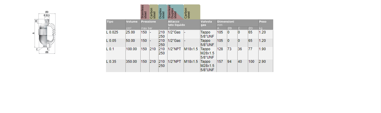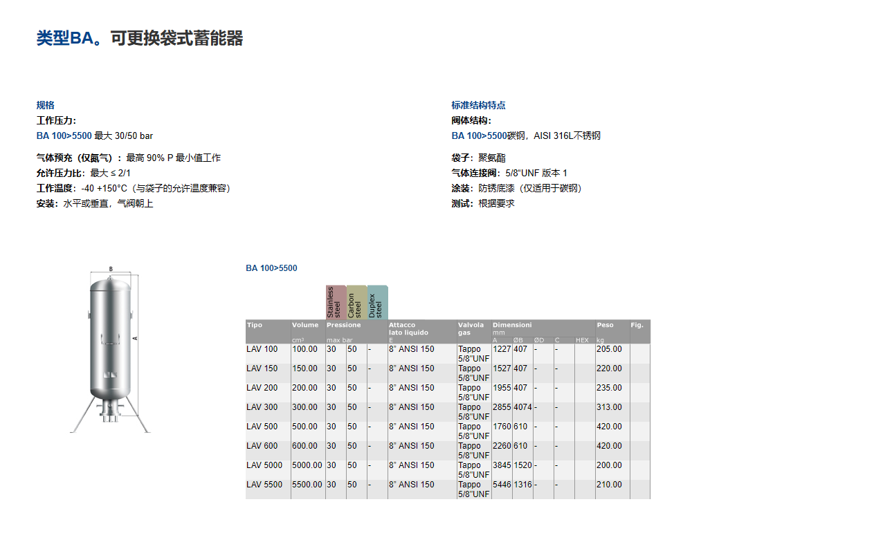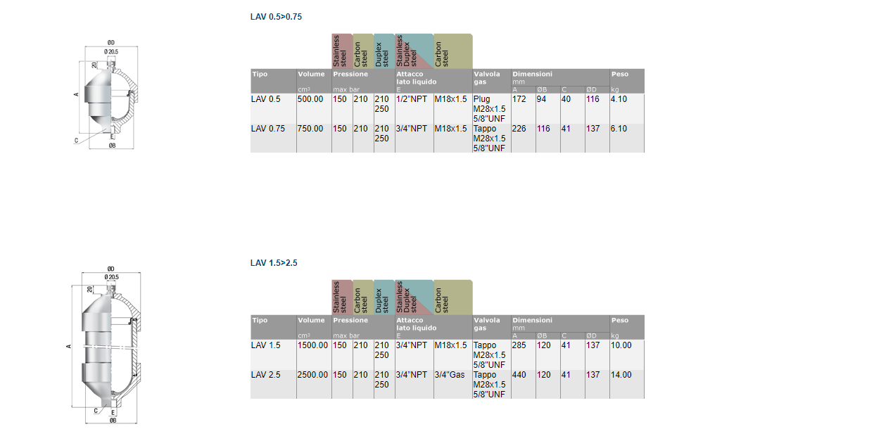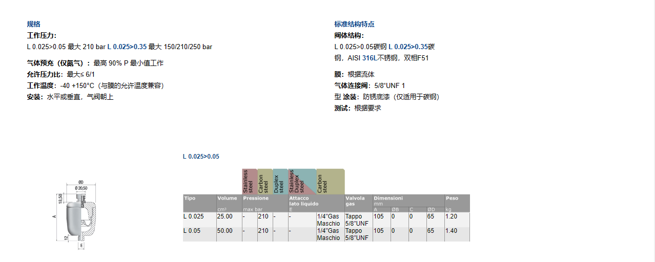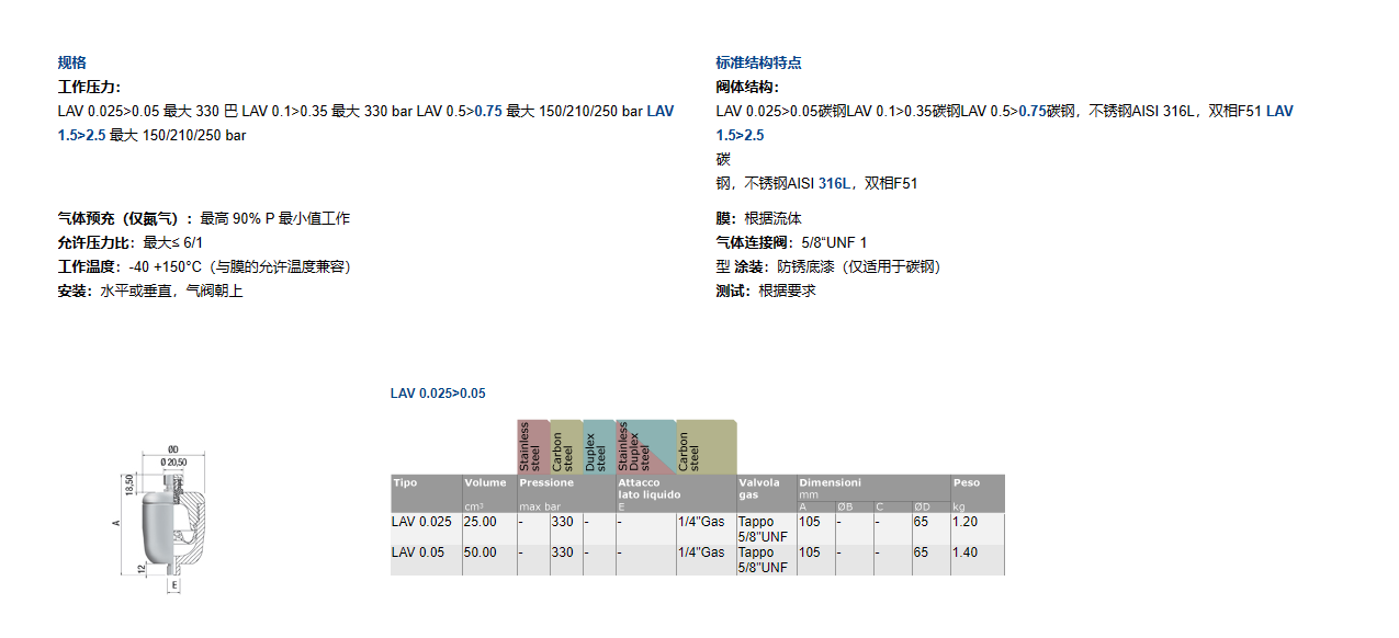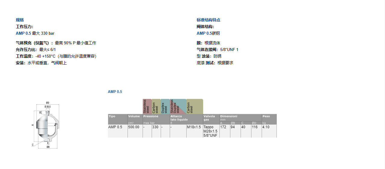 在Saip在線商店中,您可以找到各種各樣的膜蓄能器,例如經(jīng)典的AMP 0.5 Lt碳鋼P.max 330 bar。它由碳鋼、不銹鋼和雙相制成,是同類產(chǎn)品中最暢銷的產(chǎn)品之一。與 L 0.025 / 0.35 Lt 碳鋼、不銹鋼或雙相鋼一樣,P.max 150/250 bar,形狀更圓潤,末端有兩個大閥門。提出的另一篇優(yōu)秀文章是 LAV 0.025 / 2.5 Lt 由碳鋼、不銹鋼和雙相鋼制成,帶有 P.max 150 /330 bar,帶有細長的線條和側(cè)面加強件。
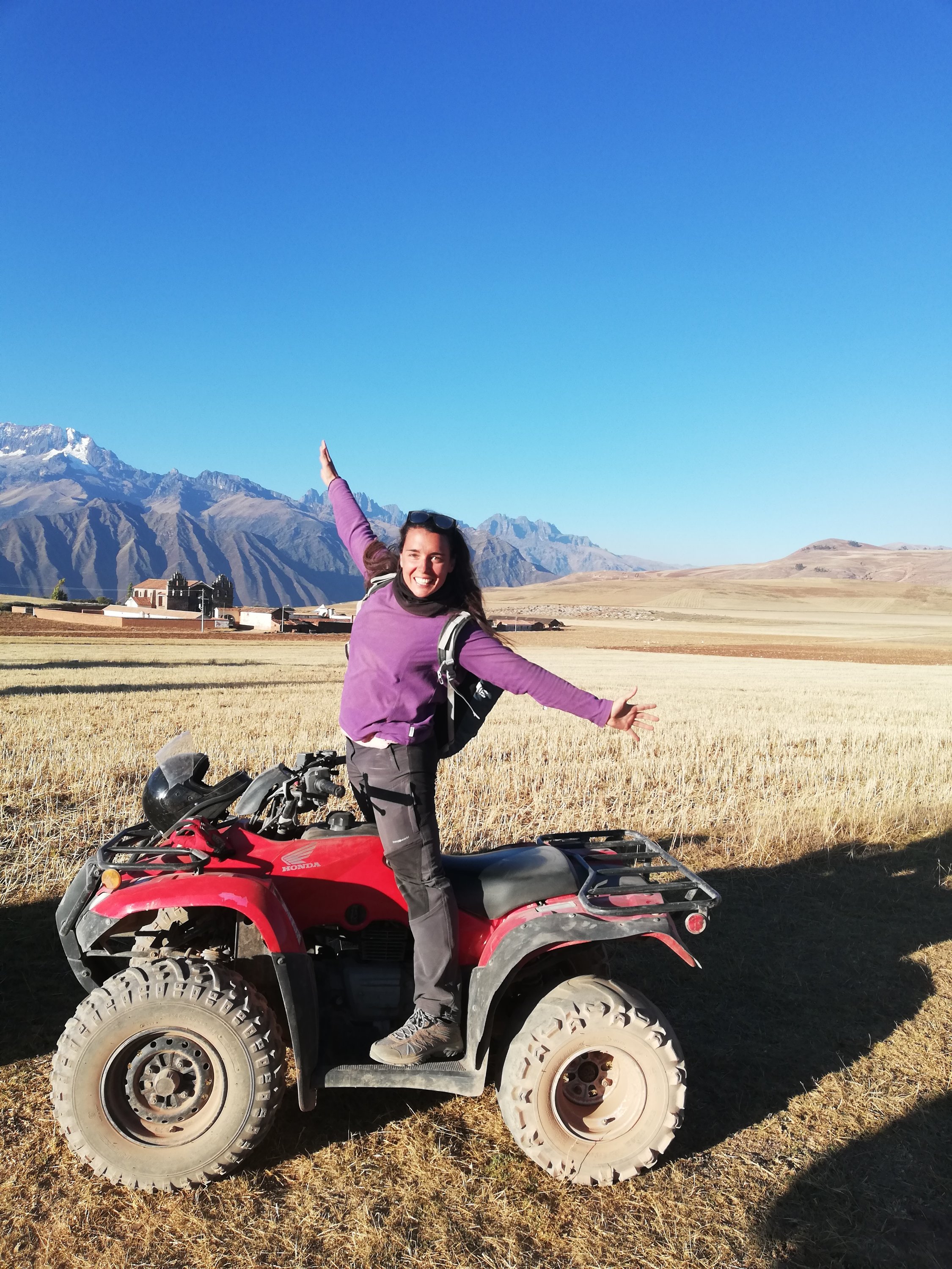 Helena va con Cris. Cris de paquete y yo voy sola. Llegamos hasta una especie de mirador donde, para hacer la foto teníamos que pagar 70s pero no hemos aceptado. (más tarde nos hemos enterado que con los 70s podíamos acceder a otros sitios pero que igualmente no hubieramos podido ver…). Hemos vuelto con los quads, esta vez cris conducía y yo iba de paquete y hemos podido ver unas vistas increíbles del lugar. El paisaje era muy chulo, sólo por eso ya ha valido la experiencia.
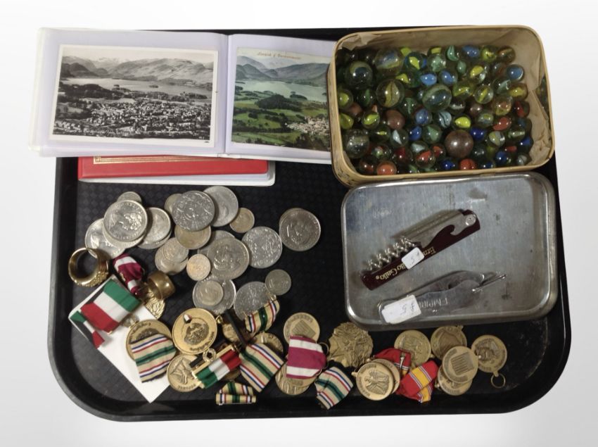 A quantity of vintage glass marbles, crowns, two albums of Lake District postcards, medals, etc.
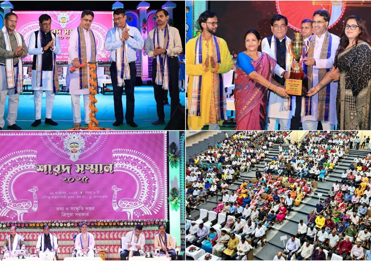 আগরতলা।।এবছরের শারদীয় উৎসব মানুষের সহযোগিতার মধ্য দিয়ে সুন্দর ও শান্তিপূর্ণভাবে সম্পন্ন হয়েছে। শারদীয় উৎসবে মানুষের সুন্দর চিন্তা ও মননের উচ্ছাস পরিলক্ষিত হয়। আগরতলা শহরের পাশাপাশি রাজ্যের বিভিন্ন জেলার জনজাতি এলাকাগুলিতেও উৎসাহের সাথে দুর্গাপূজা সম্পন্ন হয়েছে। আজ রবীন্দ্র শতবার্ষিকী ভবনে তথ্য ও সংস্কৃতি দপ্তরের উদ্যোগে শারদ সম্মান-২০২৫ অনুষ্ঠানের উদ্বোধন করে মুখ্যমন্ত্রী প্রফেসর (ডা) মানিক সাহা একথা […]
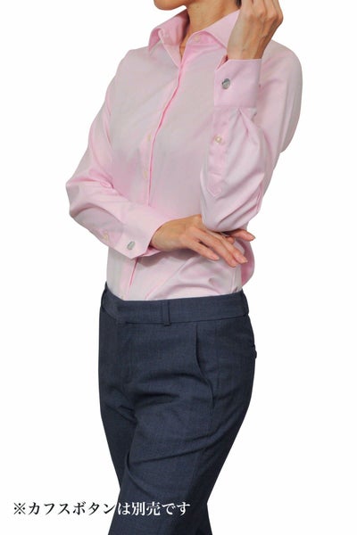 レディースシャツでも、袖元はすっきりしたまま、ダブルカフスのようにカフスボタンの上品なアクセントとオシャレを楽しむことが出来ます。
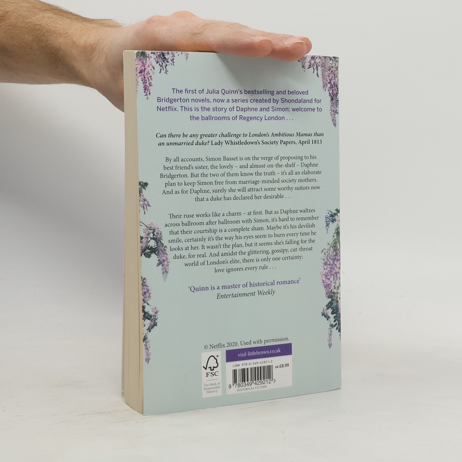 The rakish Duke of Hastings will stop at nothing to hold the marriage-mongers and matchmakers of his town at bay, even if it means pretending to be engaged to the lovely Daphne Bridgerton, but strong feelings soon intervene on both sides of this convenient arrangement.
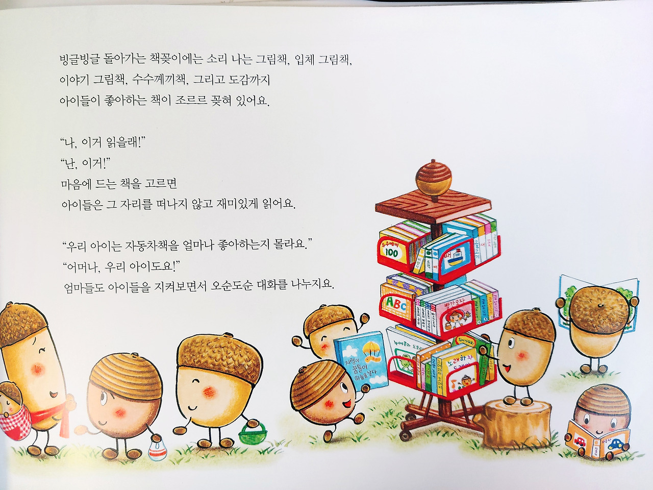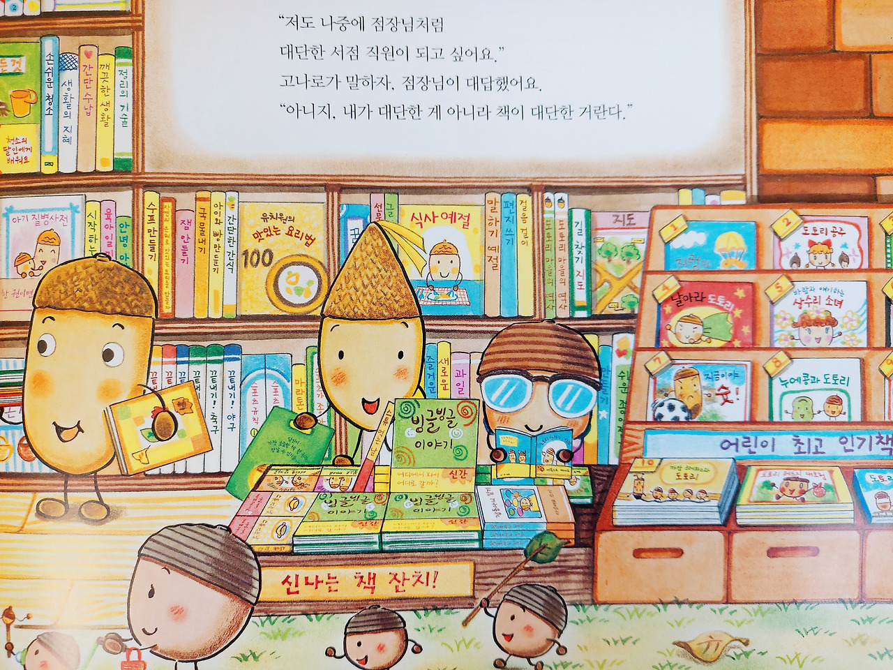 다시 도토리 마을의 서점으로 돌아온다. 부지런히 책들을 정리하고 나면 서점문을 열 시간이다. 동그란 안경을 쓴 누리가 ‘어서 오세요~’ 반갑게 인사를 건넨다. 아기자기한 서점의 모습이 보인다. 전면책장에 진열된 재미난 책들, 책꽂이에 가지런히 꽂혀있는 책들, 새로 나온 책도 볼 수 있다. 서점에서는 서로 좋아하는 책들을 이야기할 수 있고, 빙빙 돌아가는 회전책장 주변에는 꼬마손님들이 좋아하는 책을 고르고 책을 본다. 아이들 주변에는 엄마들이 책에 관한 이야기를 나누고 엄마 등에 업힌 아기는 콜콜 잠을 자지만 이런 분위기를 매번 접할수록 갓난 아기들도 곧 책을 좋아하게 될 것이다.
================================
■ Activity ■
Starting at the line containing "レディースシャツでも、袖元は" and stopping at the line containing "The rakish Duke", output each line exactly as it appears above. Leave out the pictures.

■ Result for this task ■
 レディースシャツでも、袖元はすっきりしたまま、ダブルカフスのようにカフスボタンの上品なアクセントとオシャレを楽しむことが出来ます。
 The rakish Duke of Hastings will stop at nothing to hold the marriage-mongers and matchmakers of his town at bay, even if it means pretending to be engaged to the lovely Daphne Bridgerton, but strong feelings soon intervene on both sides of this convenient arrangement.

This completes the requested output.